No seriamente perchè siete ancora qui?.

Come il protocollo di ogni buona presentazione prevede, se vi può interessare all’anagrafe sono registrato come Valerio.

La mia biografia videoludica è sempre stata caratterizzata da piccoli anzi, grandi spostamenti da PC a Console e vice versa, ho giocato praticamente di tutto dai grandi classici fino ai giochi puramente di nicchia, per non disdegnare le serie più commerciali che ultimamente sto apprezzando sempre meno con il passare del tempo.

Parlarvi di quale sia ed è il mio gioco preferito sarebbe superfluo ed inutile, perciò quello che dovete sapere di me come videogiocatore è solo che ho un passato composto principalmente da RTS ed un presente costellato di piccoli videogames di nicchia pesantemente story driven.

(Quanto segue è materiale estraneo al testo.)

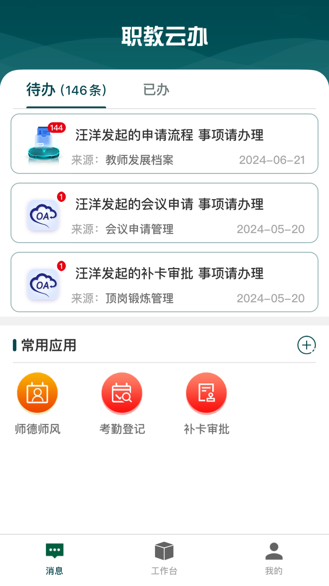 (1)支持我的待办、已办消息的展示。

Credo nel media videogioco come una tavola perfetta su cui dipingere, per me il videogames è ciò che concilia le mie altre due grandi passioni, L’informatica e la lettura, sono infatti tra quelli che sostiene che il nostro medium preferito vada considerato arte e non mi stancherò mai di dirlo, il videogioco è si un opera di intrattenimento ma è prima di tutto un possibile incontro tra arte e scienza, un tema che discutevo spesso anni fa anche con chi di videogiochi non se ne intende.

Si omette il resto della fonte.